Could this be causing the nodes to remain and never get scaled down?
I cannot see any other reason why the nodes don't ever go down.
UPDATE: I've set resource for cpu and set autoscaler on the deployments so now for 'kubectl get hpa' I get:
NAME REFERENCE TARGETS MINPODS MAXPODS REPLICAS AGE
one-deployment Deployment/one-deployment 34%/80% 1 3 1 2m8s
two-deployment Deployment/two-deployment 47%/80% 1 3 1 8m16s
three-deployment Deployment/three-deployment 35%/80% 1 3 1 3m29s
four-deployment Deployment/four-deployment 33%/80% 1 3 1 2m48s
five-deployment Deployment/five-deployment 47%/80% 1 3 1 2m24s
But still I remain at the max of 3 nodes.
Another update: I'd appreciate any feedback on what I believe is the summary of my learning. I'm quite new to Kubernetes and GKE I'm so please forgive me.
Firstly I now better understand there is autoscaling of nodes on clusters and then there is autoscaling of pods on nodes.
The part I needed to get right first was autoscaling of nodes on clusters. When autoscaling is enabled on a cluster, with for example, --enable-autoscaling --no-of-nodes 2 --min-nodes 1 --max-nodes 3. Then I'm causing the deployment to run on 2 nodes, if there is so little resource required and pods can move nodes then it may go down to 1. If a specified --num-of-nodes 3 then I'd deploy to three and this could result in unmoveable pods being spread across all three nodes preventing the ability to downscale to 2 or 1.
As starting with 1 caused my application to fail to fully deploy I've set this to 2.

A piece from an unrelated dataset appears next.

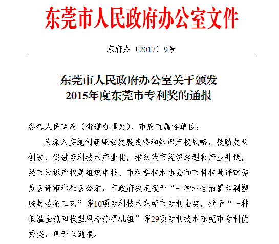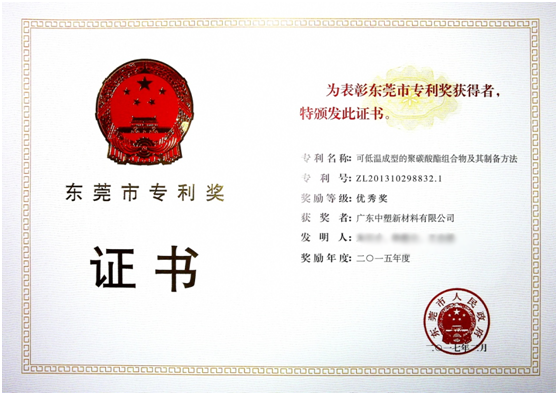 2017年,,,东莞市继续高标准建设国家知识产权树模都会,,,深入实验立异驱动生长战略和知识产权战略,鼎力大举推进专利质量提升工程。。。。在此配景下,,,2017年2月,,,9170金沙依附“可低温成型的聚碳酸酯组合物及其制备要领”的专利手艺获得了东莞市政府授予的“东莞市专利优异奖”。。。。充分彰显了9170金沙在新质料手艺研究领域的实力以及9170金沙人一直开拓探索的科研精神。。。。
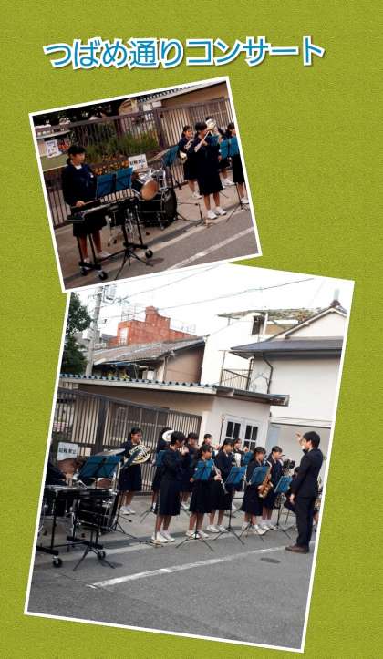 十三つばめ通り商店街において、十三中学校吹奏楽部が屋外コンサートを開催しました。

Now to scaling my deployments to potentially increase the number of pods: In the GCP GKE console I've selected 'workload' and then one of my deployments in the list of pods. Then from here I select 'Action' from the menu at the top and then 'autoscaling', I've left the default of 1 minimum and 3 maximum and ok'd this. I've repeated this for the other 4 deployments I have. This is the horizontal pod scaling that I was getting mixed up with when I first started looking at cluster scaling. This is what I get details about when I run 'kubectl get hpa'. This doesn't relate to the cluster's node scaling at all as far as I can tell.
Now my application runs and when there is sufficient load on my pods the hpa autoscaling will kick in and create new pods. These pods will be run in my existing two nodes unless there is insufficient space at which point the cluster (configured to have max 3) will add a third node and assign the new pod to this node.
So hopefully my final question - Have I put two and two together and got 5?